> _RECORDS PROVIDED_:
····················

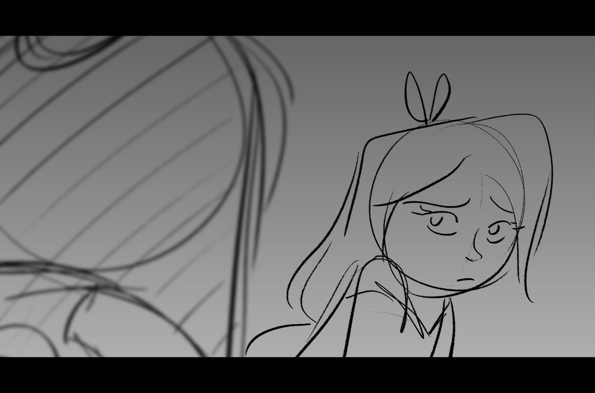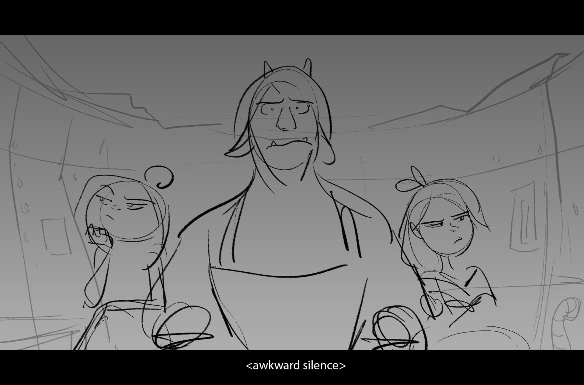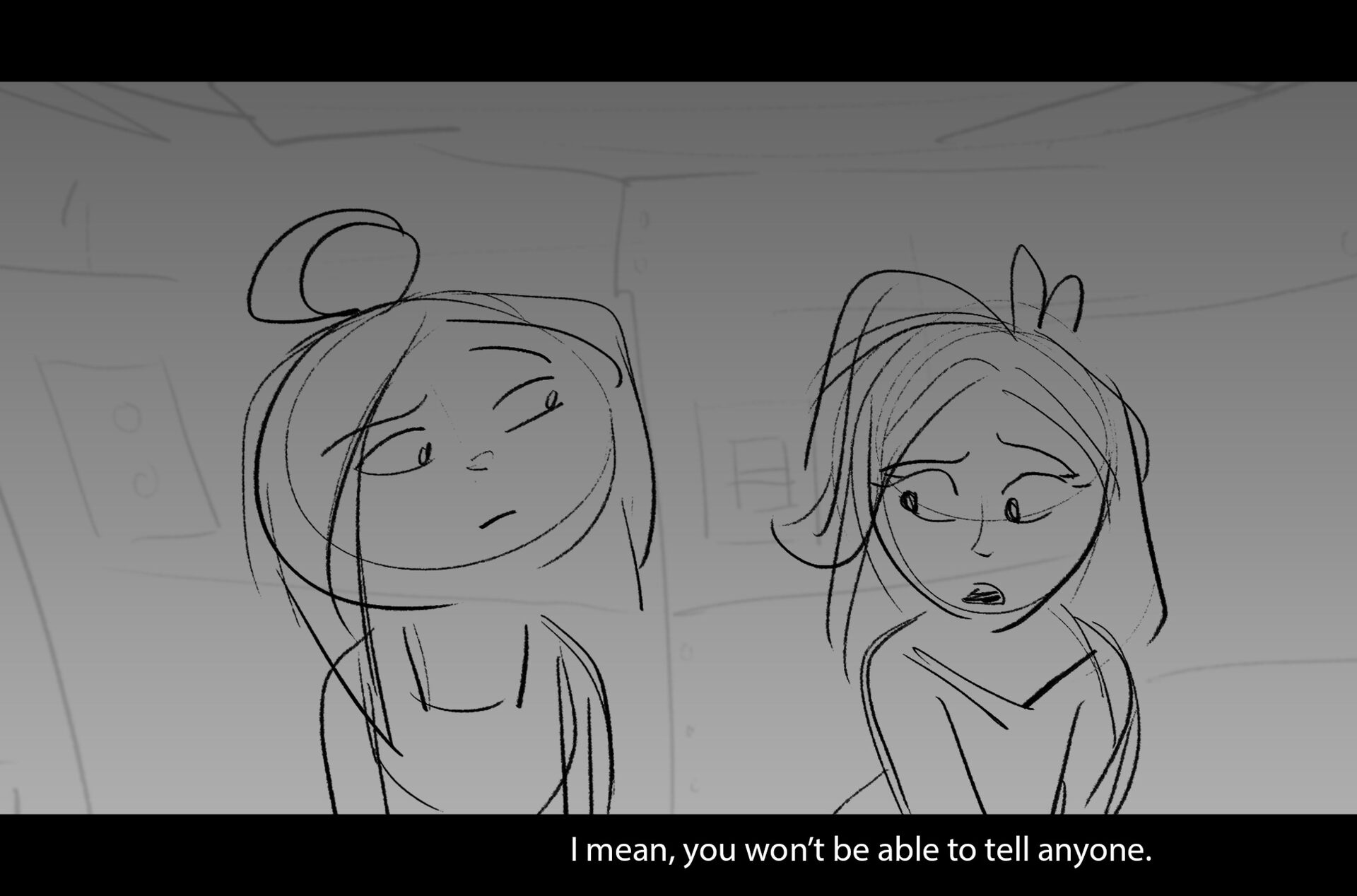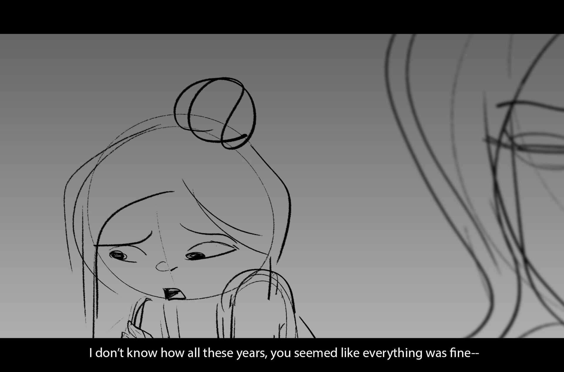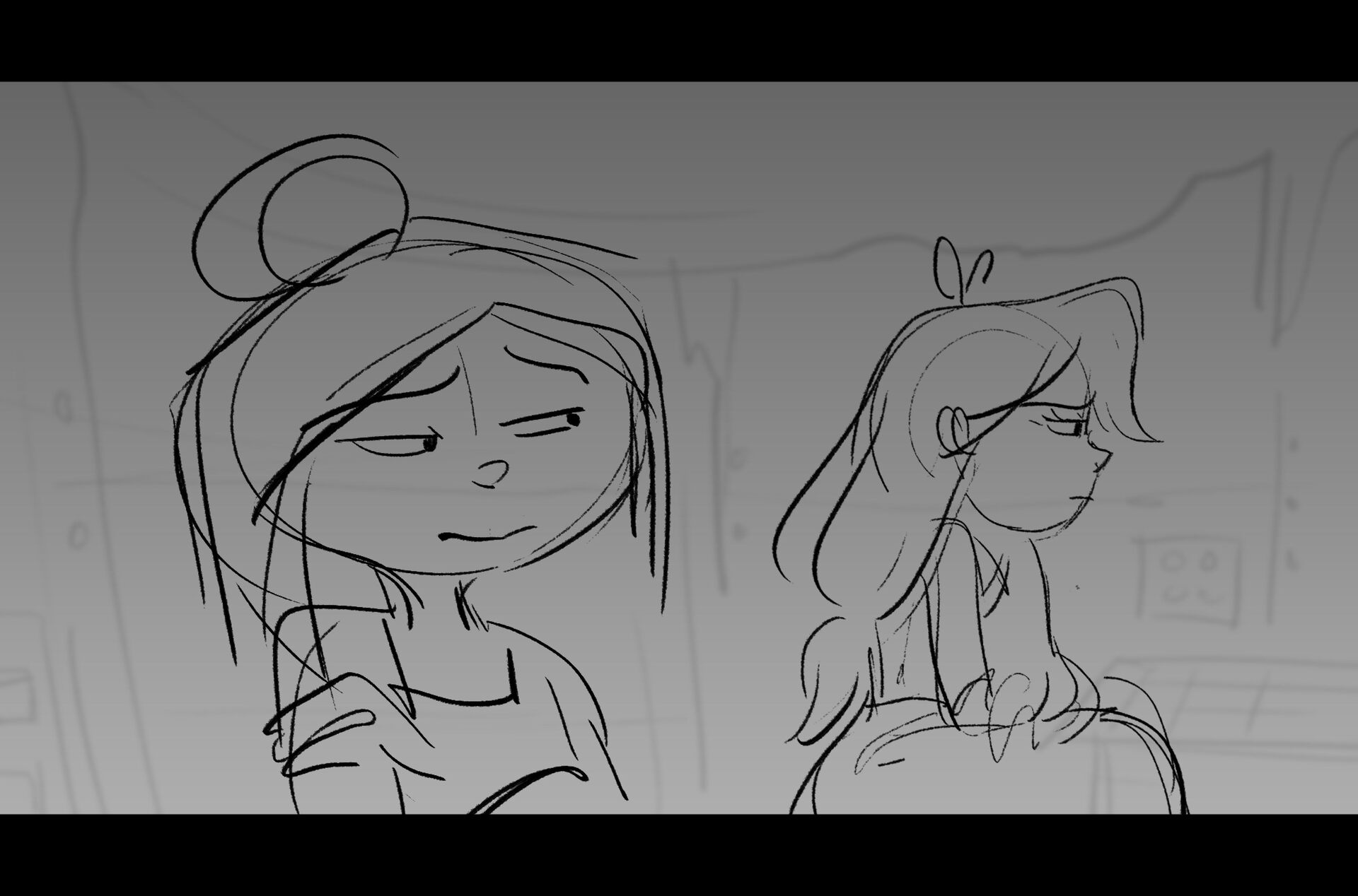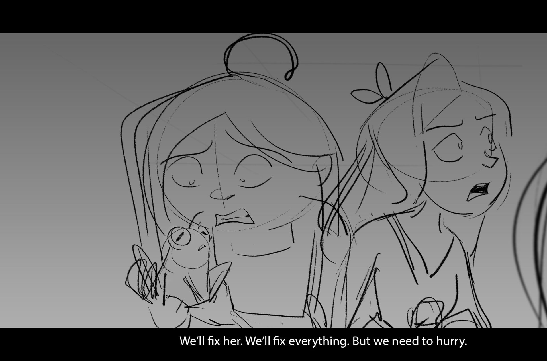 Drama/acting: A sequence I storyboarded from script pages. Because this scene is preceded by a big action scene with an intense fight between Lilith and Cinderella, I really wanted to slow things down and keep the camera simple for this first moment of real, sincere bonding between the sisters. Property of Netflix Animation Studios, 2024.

····················

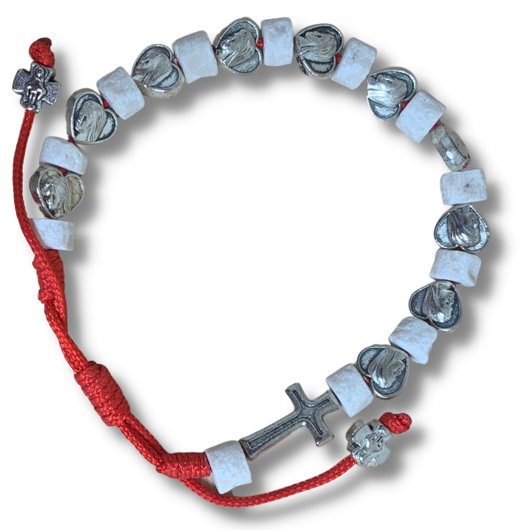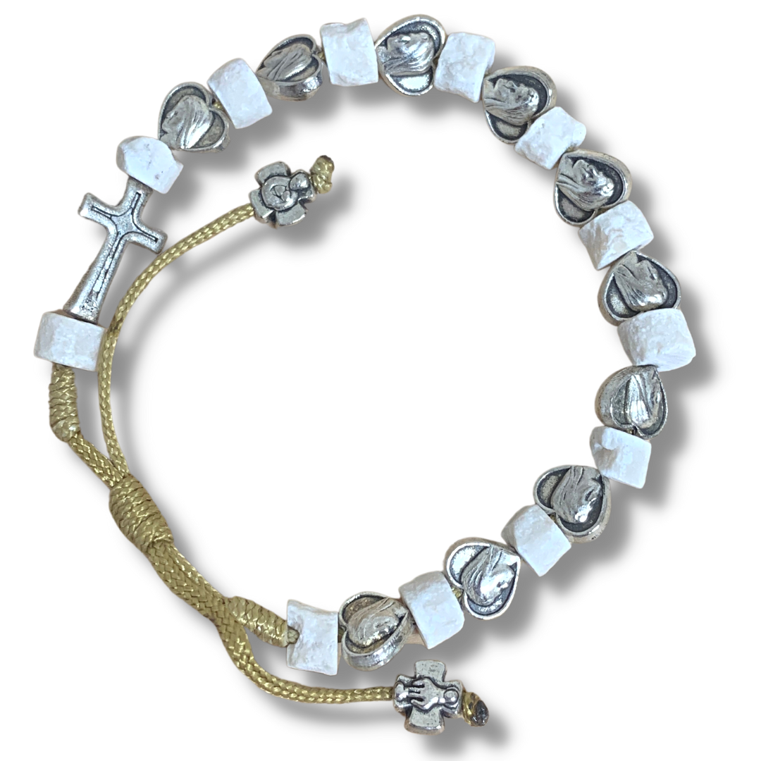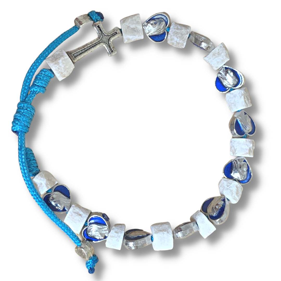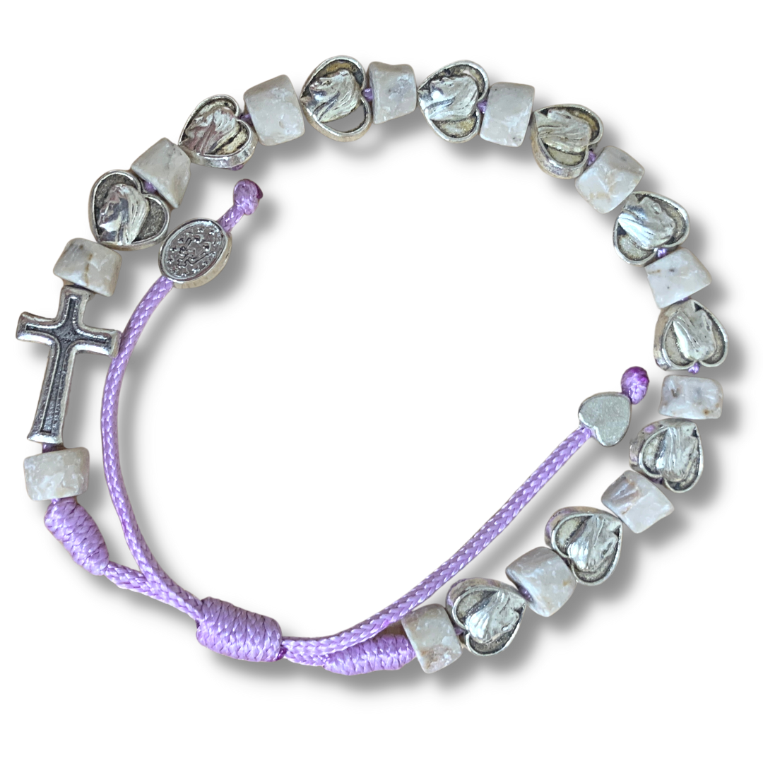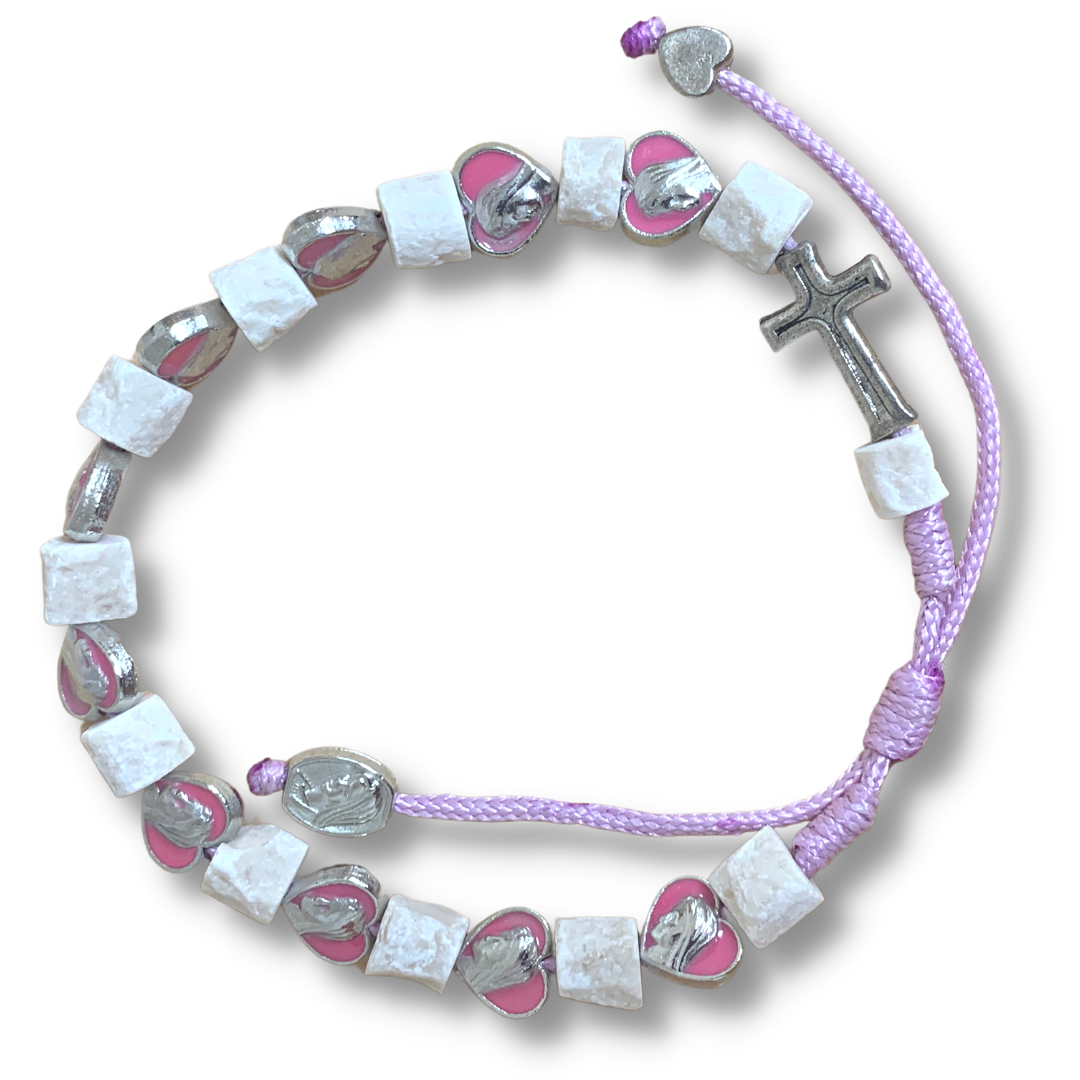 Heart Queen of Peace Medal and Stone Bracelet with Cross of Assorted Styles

····················

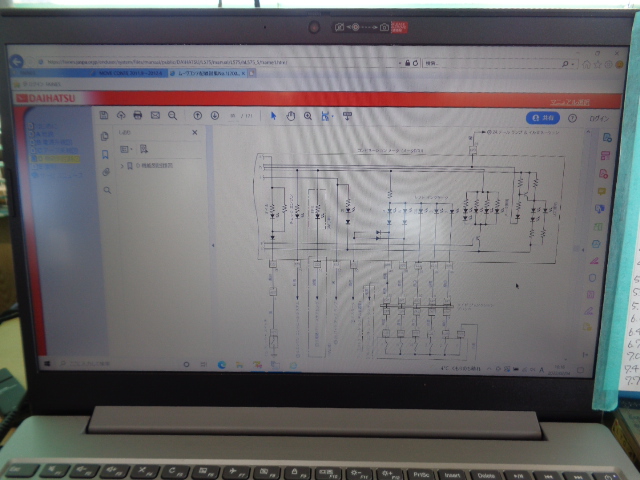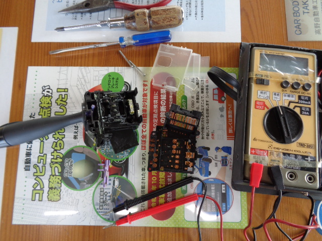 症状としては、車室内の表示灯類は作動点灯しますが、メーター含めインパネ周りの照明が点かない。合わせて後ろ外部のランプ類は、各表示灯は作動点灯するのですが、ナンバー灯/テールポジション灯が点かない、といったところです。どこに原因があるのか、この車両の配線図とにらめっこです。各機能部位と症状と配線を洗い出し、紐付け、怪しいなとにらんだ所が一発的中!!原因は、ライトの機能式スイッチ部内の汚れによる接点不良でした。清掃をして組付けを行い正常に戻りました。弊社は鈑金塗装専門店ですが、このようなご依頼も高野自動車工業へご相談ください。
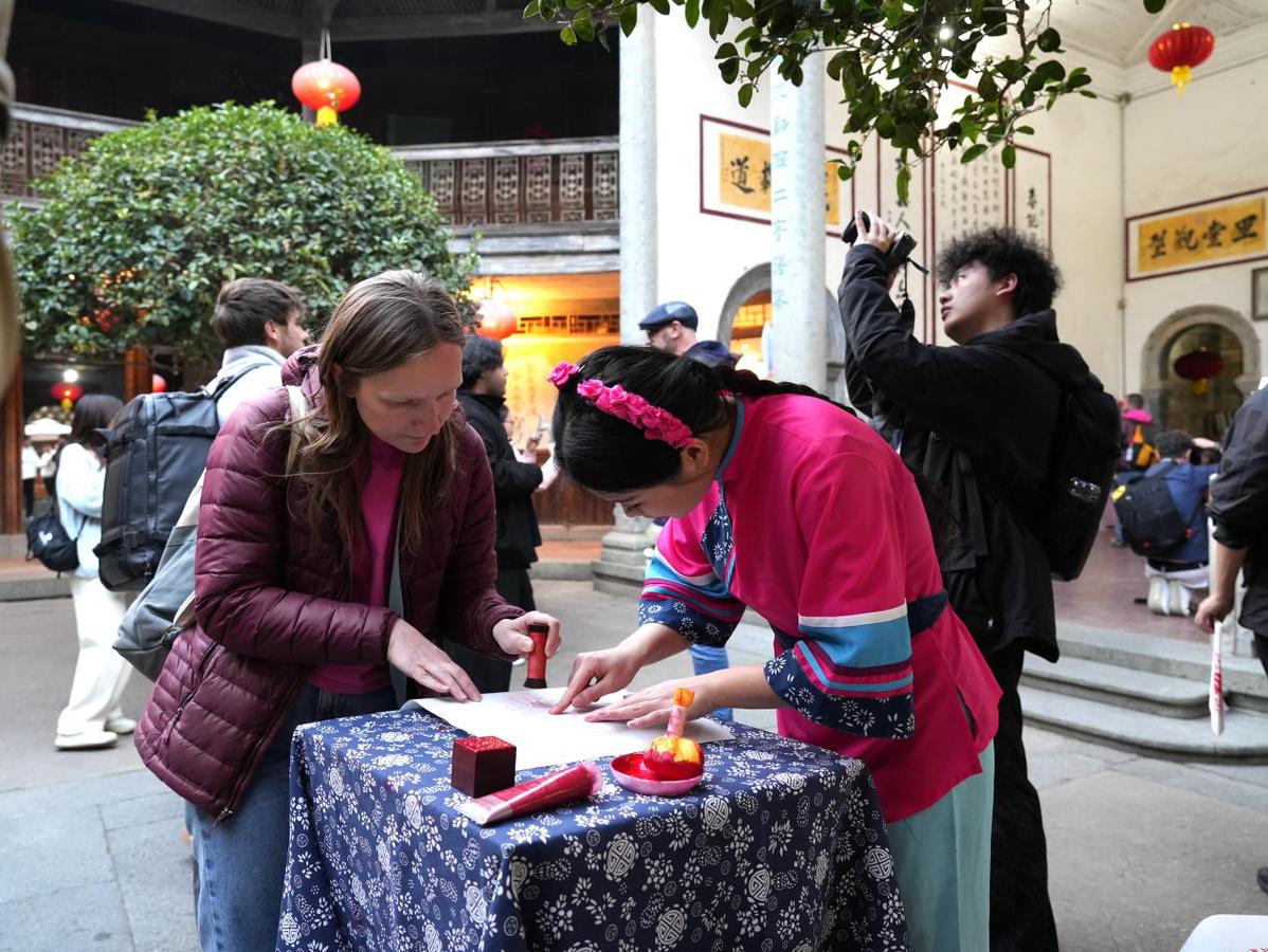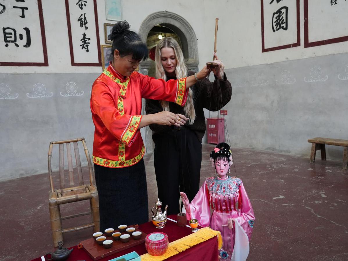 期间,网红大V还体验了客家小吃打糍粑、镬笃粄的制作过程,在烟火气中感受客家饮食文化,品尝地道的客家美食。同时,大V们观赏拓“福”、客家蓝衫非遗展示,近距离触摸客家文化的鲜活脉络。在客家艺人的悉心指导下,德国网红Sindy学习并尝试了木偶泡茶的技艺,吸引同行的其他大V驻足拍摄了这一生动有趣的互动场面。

····················

> _THE TASK_: What is wanted is an exact copy of the lines above from the one containing "症状としては、車室内の表示灯" through the one containing "期间,网红大V还体验了客家小", with no pictures in it.

> _RESPONSE TO THE TASK_:
 症状としては、車室内の表示灯類は作動点灯しますが、メーター含めインパネ周りの照明が点かない。合わせて後ろ外部のランプ類は、各表示灯は作動点灯するのですが、ナンバー灯/テールポジション灯が点かない、といったところです。どこに原因があるのか、この車両の配線図とにらめっこです。各機能部位と症状と配線を洗い出し、紐付け、怪しいなとにらんだ所が一発的中!!原因は、ライトの機能式スイッチ部内の汚れによる接点不良でした。清掃をして組付けを行い正常に戻りました。弊社は鈑金塗装専門店ですが、このようなご依頼も高野自動車工業へご相談ください。
 期间,网红大V还体验了客家小吃打糍粑、镬笃粄的制作过程,在烟火气中感受客家饮食文化,品尝地道的客家美食。同时,大V们观赏拓“福”、客家蓝衫非遗展示,近距离触摸客家文化的鲜活脉络。在客家艺人的悉心指导下,德国网红Sindy学习并尝试了木偶泡茶的技艺,吸引同行的其他大V驻足拍摄了这一生动有趣的互动场面。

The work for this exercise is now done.